Numerical approach on drag reduction for automotive vehicles

Mateus Brizotti, Patrick Rambaud and Florian Visentin

Table of contents

Turbulence Model
    We used the SST K-Omega models to simulate the flows around the car. The K-Omega model is a two-equation model that is an alternative to the K-Epsilon model. The transport equations solved are for the turbulent kinetic energy k and a quantity called ω, which is defined as the dissipation rate per unit turbulent kinetic energy ( ω~ε/k).
The advantage of the K-Omega model over the K-Epsilon model is its improved performance for boundary layers under adverse pressure gradients.
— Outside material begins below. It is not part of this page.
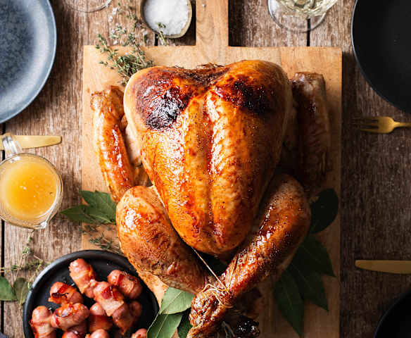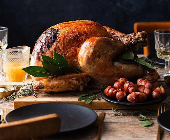 Dinde rôtie, farce crémeuse à la pancetta, au citron et aux herbes
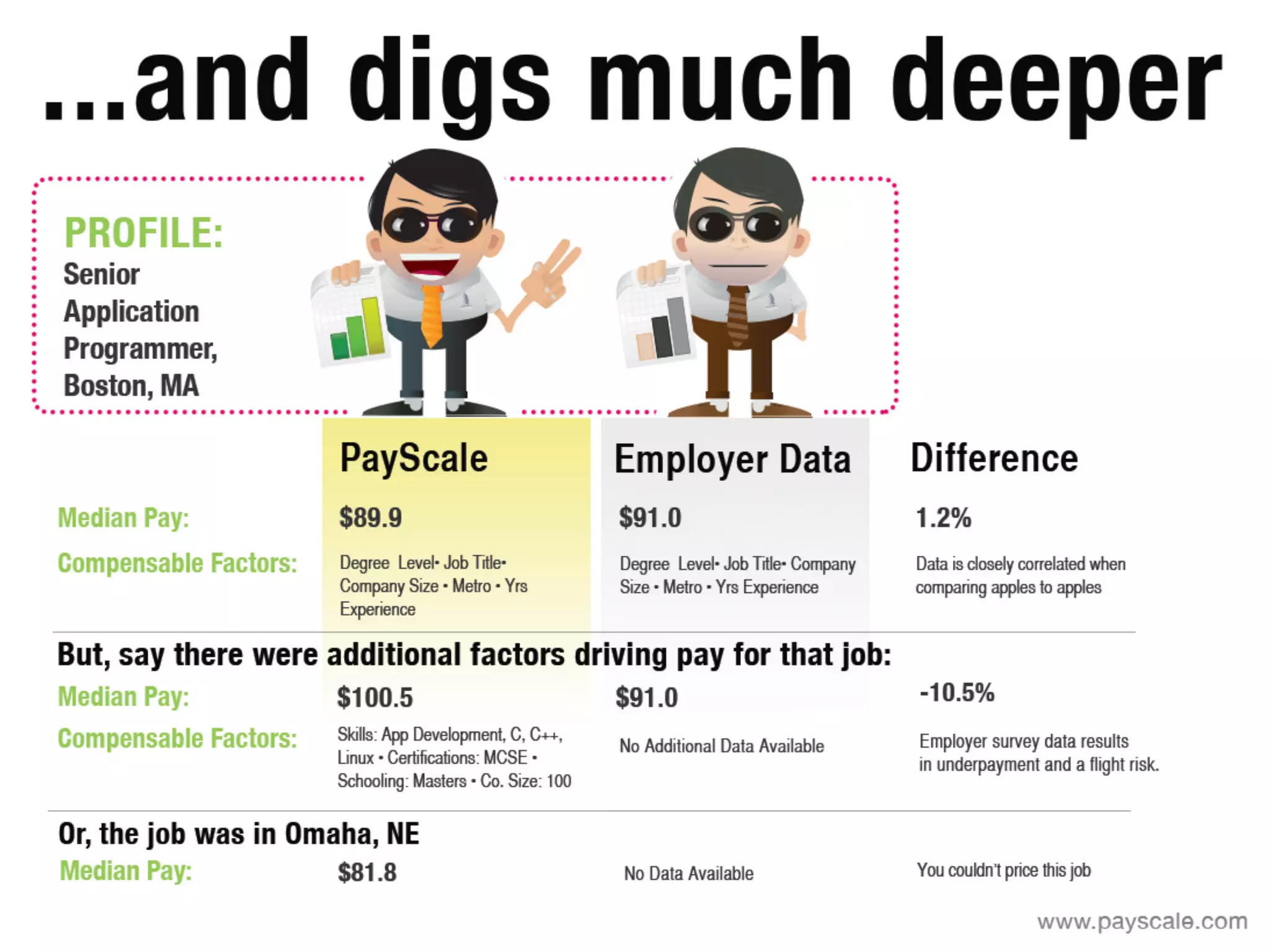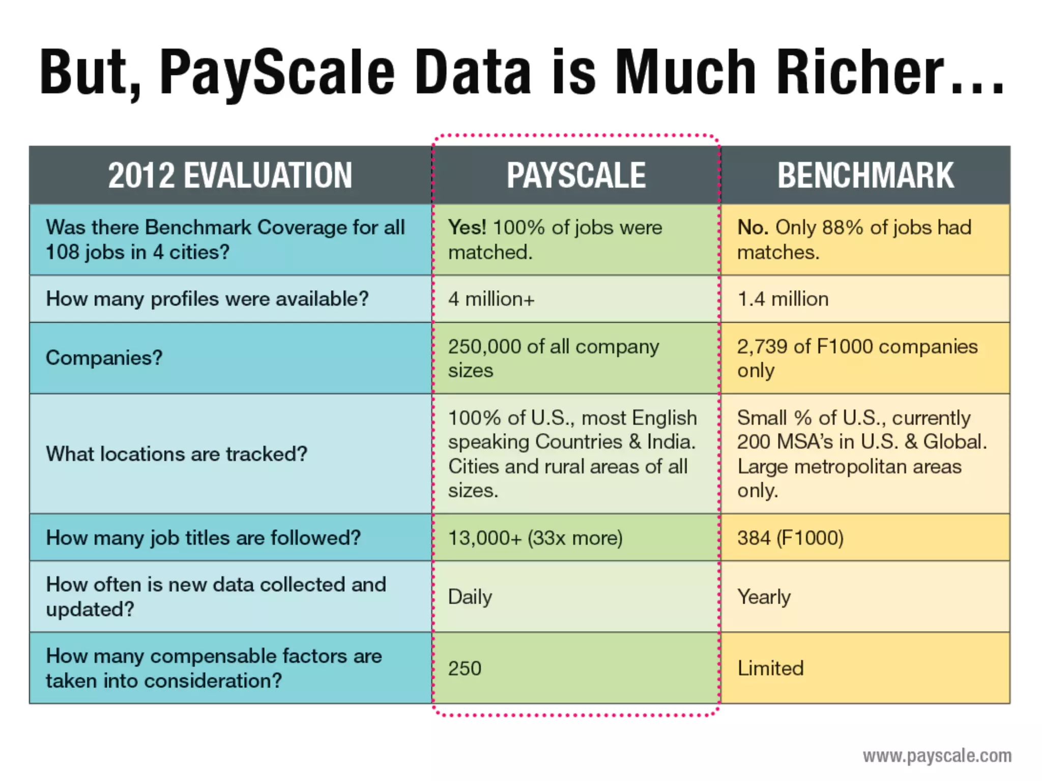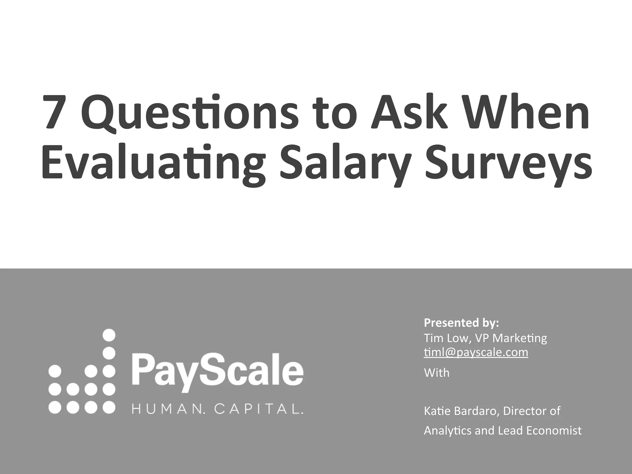 The document discusses 7 key questions to ask when evaluating salary surveys. It compares traditional annual salary surveys conducted by consultants to the crowdsourced data available from PayScale. PayScale's data is continuously collected and processed, covering unlimited locations and combinations of skills. It provides transparent details on its 250+ compensable factors and data sources to help users determine the best fit for their unique compensation needs.

However, The biggest disadvantage of the K-Omega model, in its original form, is that boundary layer computations are very sensitive to the values of
ω in the free stream.
In an attempt to address this shortcoming, Menter introduced modifications to the K-Omega models and his model is called the SST (Shear-Stress Transport) K-Omega model. The SST model has seen fairly wide application in aerodynamics problems, where viscous flows are typically well resolved and turbulence models are generally applied throughout the boundary layer.

Wall Treatment

    Three types of wall treatment are provided with StarCCM+, although all three might not always be available because they depend on the turbulence model used:
  • The high-y+ wall treatment implies the wall-function-type approach in which it is assumed that the near-wall cell lies within the logarithmic region of the boundary layer (y+~30).
  • The low-y+ wall treatment is suitable only for low-Reynolds number turbulence models in which it is assumed that the viscous sublayer is properly resolved (y+=1 or lesser).
  • The all-y+ wall treatment is a hybrid treatment that attempts to emulate the high-y+ wall treatment for coarse meshes and the low-y+ wall treatment for fine meshes.

       We used the third wall treatment (ally+) for our simulation.

Unsteady Case

        For the non-stationnary simulation, we  used  the  2nd order implicit unsteady model and we set the time step as 1.0E-4 s.